A organização do torneio defendeu-se com medidas rigorosas, tendo ordenado a expulsão imediata de todos os que ultrapassaram os limites do desportivismo. A decisão foi saudada por muitos, mas não deixou de levantar questões sobre até que ponto o ambiente hostil pode influenciar o rendimento dos jogadores. “Os adeptos nova-iorquinos são apaixonados, mas há limites para tudo. Vi vários colegas a serem incomodados durante a ronda. Espero que a organização continue a proteger os jogadores”, referiu um atleta do circuito PGA, abordado após o final da ronda. Clark, por seu lado, recusou comentar os incidentes, mantendo-se concentrado na luta pelo título e limitando-se a declarar: “Estou aqui para jogar o meu melhor golfe. Tudo o resto fica fora do campo.”

O desenrolar da situação faz antever novas discussões sobre a necessidade de reforçar as normas de conduta em eventos desportivos de topo, dado o crescente envolvimento – e por vezes excesso – dos adeptos. A pressão sobre Clark não deverá abrandar, mas o desportista tem agora a oportunidade de responder em campo e transformar a adversidade em motivação para cimentar o seu estatuto entre os melhores. Para Scheffler, este ambiente hostil ao adversário pode traduzir-se numa vantagem anímica, mas a história do golfe está repleta de reviravoltas em cenários imprevisíveis.

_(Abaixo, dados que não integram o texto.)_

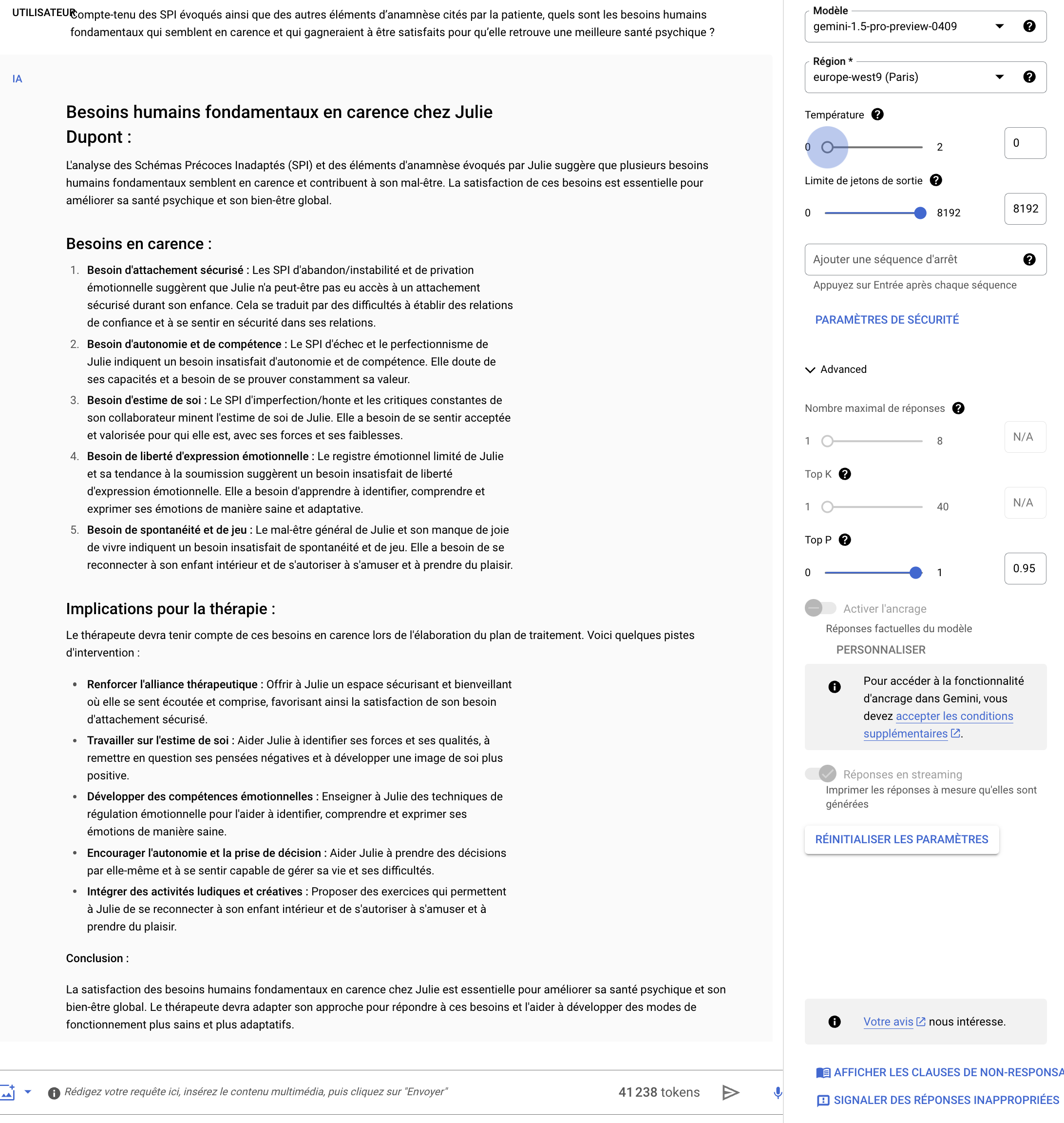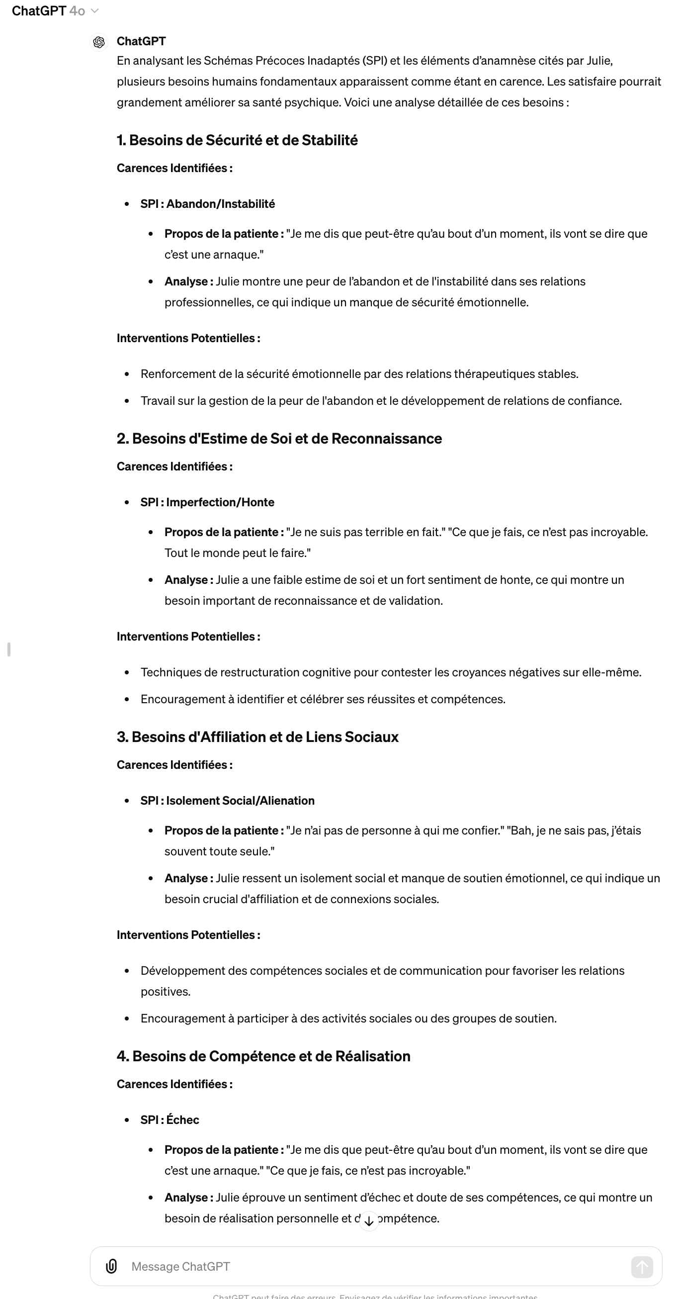 Capture d'écran de la réponseEn analysant les Schémas Précoces Inadaptés (SPI) identifiés chez Julie ainsi que les éléments d'anamnèse qu'elle a partagés, plusieurs besoins humains fondamentaux semblent être en carence. Voici une liste de ces besoins qui, s'ils étaient mieux satisfaits, pourraient contribuer à améliorer sa santé psychique :

Nos próximos dias, as atenções vão manter-se centradas em Shinnecock Hills, à medida que se analisam os impactos deste ambiente tóxico tanto para os jogadores como para a reputação do próprio torneio. A organização terá de tirar ilações e ponderar medidas adicionais para garantir que o fair-play prevalece sobre a paixão desmedida das bancadas. O que é certo é que o U.S. Open 2026 ficará para a história não só pelos feitos dentro de campo, mas também pela polémica fora dele, que promete continuar a dar que falar no universo do golfe internacional.